Na acepção popular, “legal” significa algo bom ou divertido. Em textos anteriores, discutimos – sob diversos enfoques - se o trabalho no domingo possui a condição de propiciar satisfação ou realização pessoal, principalmente a quem o faz por necessidade ou imposição (empregados).
E sob o aspecto jurídico? A exigência de trabalho aos domingos é lícita?
A Constituição brasileira assegura aos empregados (inclusive domésticos) o direito de descansar em uma oportunidade na semana, e a receber seus salários como se trabalhando estivessem. Indica, ainda, que esse descanso deve coincidir preferencialmente com os domingos.
O que o constituinte quis dizer com “preferencialmente” aos domingos? Caberia ao empregador optar pela concessão de folga neste ou em qualquer outro dia da semana ou apenas excepcionalmente poderia ele substituir o domingo por outro dia de folga?
Na verdade, a redação não expressa vontade alguma (como se possível fosse extrair uma “vontade” do legislador). A criação de um enunciado dúbio foi a maneira encontrada pelos congressistas para resolver o imbróglio entre o grupo que representava as tendências mais conservadoras da sociedade (também conhecido como “Centrão”) e a ala progressista (integrada por sindicalistas e eleitos vinculados a outros movimentos sociais). Aqueles queriam que constasse da Carta apenas o direito ao descanso semanal remunerado (sem indicação de dia para tanto) e, estes, postulavam a expressa indicação do domingo como dia de descanso.
Cabe ao intérprete, agora, atribuir sentido ao texto. E, a meu sentir, a melhor maneira de fazê-lo é partindo do pressuposto que a Constituição de 1988 representa basicamente rompimento e mudança. A Carta de 1988 inegavelmente rompe com a tradição liberal do regime constitucional anterior e inaugura uma nova ordem no País, lastrada em fundamentos diversos daqueles de outrora.
A principal característica desse novo modelo é a inversão da ordem de valores que regem a ordem econômica. Antes de 1988 - até por interpretação gramatical – predominava a iniciativa individual (livre iniciativa econômica) e, por isso, o trabalho devia moldar-se a esse modelo de organização. A nova ordem opta claramente pela valorização do trabalho e, em virtude disso, o interesse econômico é que agora deve se adaptar aos princípios e regras de valorização da pessoa que trabalha. Aliás, interpretação nesse sentido é a que melhor atende a outras opções constitucionais (como direito ao lazer e ao uso do espaço urbano e valorização da família).
Claro que algumas atividades exigem a prestação de serviços em todos os dias da semana, inclusive aos domingos (serviços de saúde, por exemplo). Para tais situações (que são excepcionais e assim devem ser tratadas), impõe-se a instituição de uma escala (com folgas coincidentes com os domingos em algumas oportunidades) e a admissibilidade do trabalho de empregados em tais dias (a legislação não permite em hipótese alguma a substituição do direito ao descanso semanal pelo pagamento em dinheiro, ainda que de forma dobrada).

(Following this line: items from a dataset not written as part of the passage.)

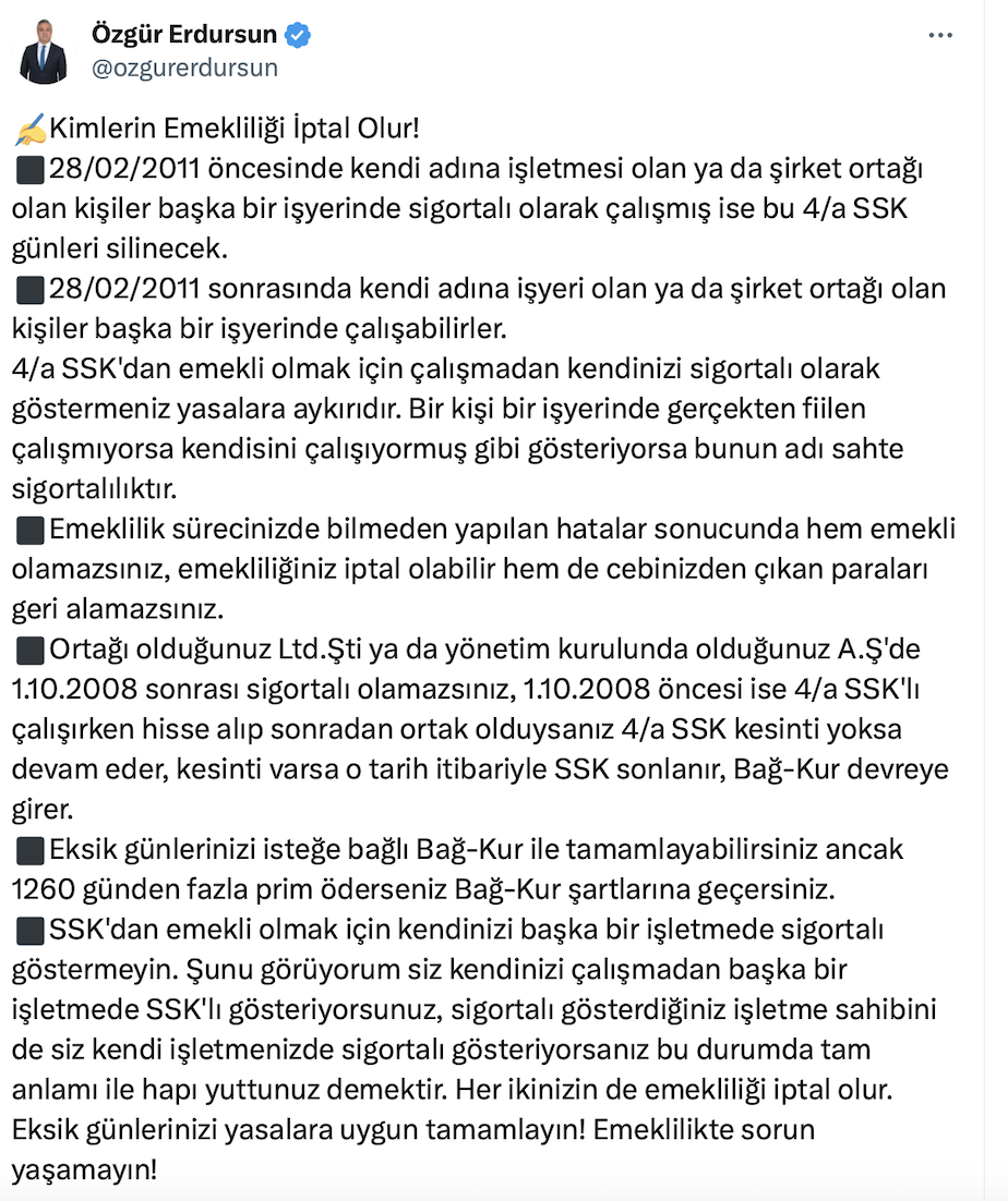 Sosyal Güvenlik Uzmanı Özgür Erdursun 'Kimlerin Emekliliği İptal Olur' başlıklı yazısını resmi sosyal medya hesabından paylaştı. Özgür Erdursun paylaşımında çok önemli bazı noktalara değindi.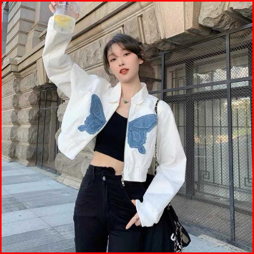 Jaket Crop Zipper Butterfly Fleece Ld 110 P 45
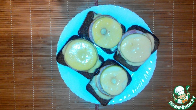 • Через 3-4 минуты достаем наши бутерброды, наливаем себе большую кружку горячего чая и... Приятного аппетита!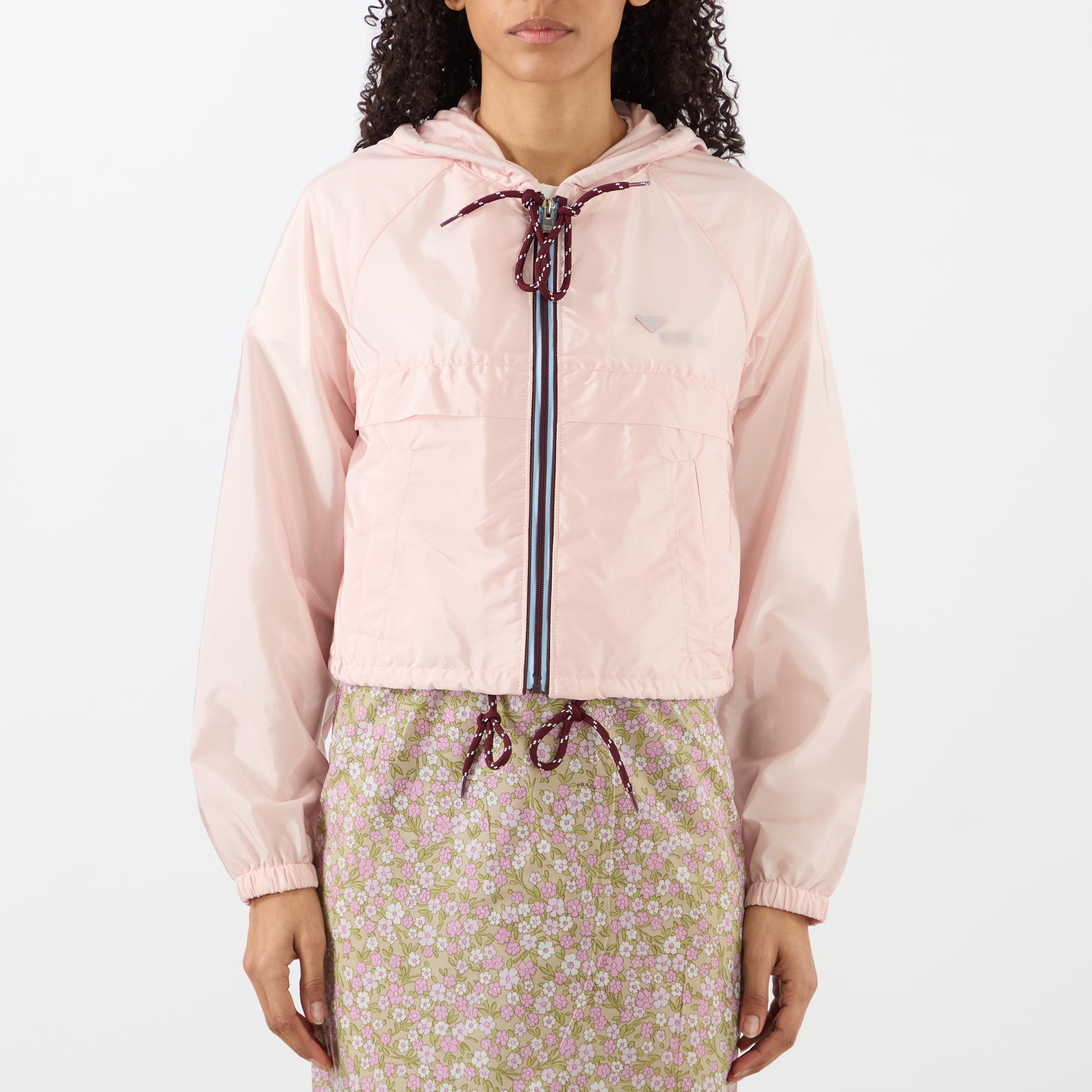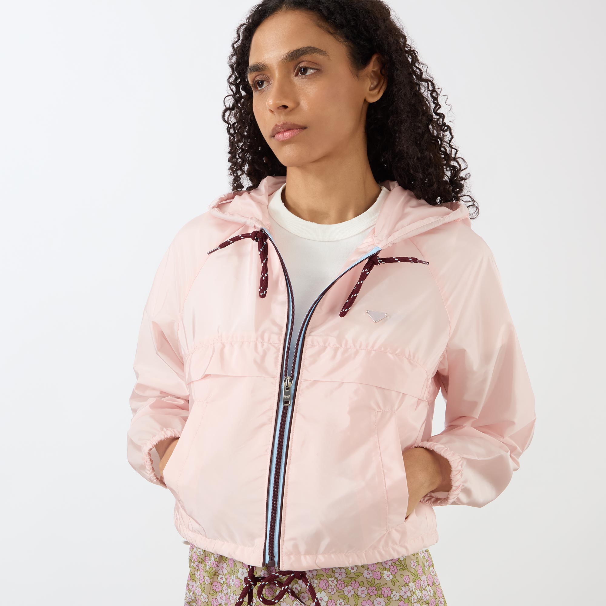 - Adjustable drawstring hood, long sleeves, full zip-through fastening, two side in-seam pockets, adjustable drawstring hemline, elasticated cuffs, signature triangle logo plaque to the front, re-nylon fabric

Entretanto, a eterna tentativa de viabilizar o trabalho aos domingos em qualquer atividade, principalmente no comércio, é inconstitucional. Logo, autorizações do legislador ordinário para a utilização de empregados aos domingos em atividades que não necessariamente precisem funcionar em tais dias, assim devem ser consideradas. Exemplo dessa inconstitucionalidade está na Lei 10.101/2000 que, em seu artigo 6º, autoriza o comércio em geral a utilizar os serviços de empregados aos domingos (desde que com folga coincidente com estes dias a cada três semanas). Não vislumbro aqui necessidade imperiosa de que estes serviços funcionem em dias originalmente destinados ao descanso e lazer, tampouco interesse público relevante para que isso aconteça.
Em tempos onde a evolução tecnológica permite que a produtividade das empresas mantenha-se no mesmo nível, mesmo reduzida consideravelmente a jornada de trabalho, não há razão plausível para a admissibilidade do trabalho aos domingos no comércio em geral, situação que se mantém apenas em virtude da prevalência do interesse econômico, da inércia judicial e da coação imposta pela sociedade do consumo.